> BRIEF
Please return the data that follows precisely as written, but without the images.

> GIVEN INFORMATION
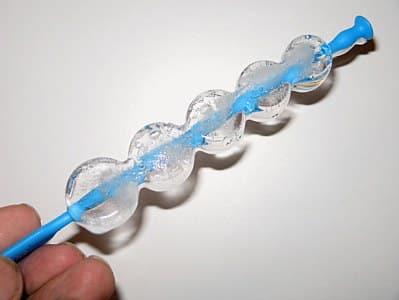 The quirky-shaped ice cubes are connected by a skewer that freezes in the middle of them, forming the ice kabobs. Once you remove the skewers from the silicone rubber tray, you can then place the kabobs in your favorite beverage.
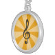 I chose gold plated so that the metal would not react with my skin oils and perspiration. But, I changed the necklace from the gold plated one to a sterling silver. My skin cells will tarnish the silver. But it will not look as bad if some portion of the gold plated necklace somehow became compromised. Zazzle did a find job turning the picture into a pendant for me. As you can see, the colors and the printing of the final product, match the preview. The picture I took is not very clear. But I am pleased with the product I received.
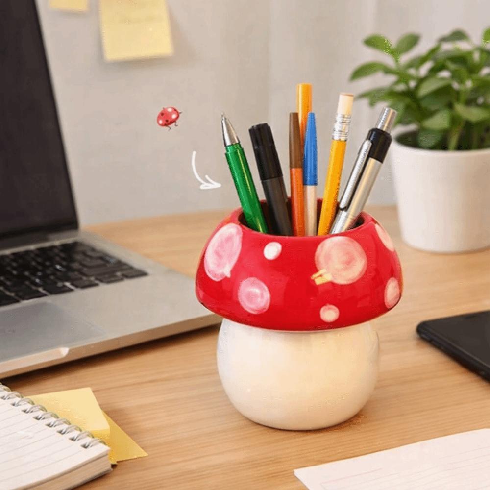 Creative Decoration Mushroom Decorative Piece Pink and Red Makeup Brush Holder Makeup Organization

> ANSWER SECTION
 The quirky-shaped ice cubes are connected by a skewer that freezes in the middle of them, forming the ice kabobs. Once you remove the skewers from the silicone rubber tray, you can then place the kabobs in your favorite beverage.
 I chose gold plated so that the metal would not react with my skin oils and perspiration. But, I changed the necklace from the gold plated one to a sterling silver. My skin cells will tarnish the silver. But it will not look as bad if some portion of the gold plated necklace somehow became compromised. Zazzle did a find job turning the picture into a pendant for me. As you can see, the colors and the printing of the final product, match the preview. The picture I took is not very clear. But I am pleased with the product I received.
 Creative Decoration Mushroom Decorative Piece Pink and Red Makeup Brush Holder Makeup Organization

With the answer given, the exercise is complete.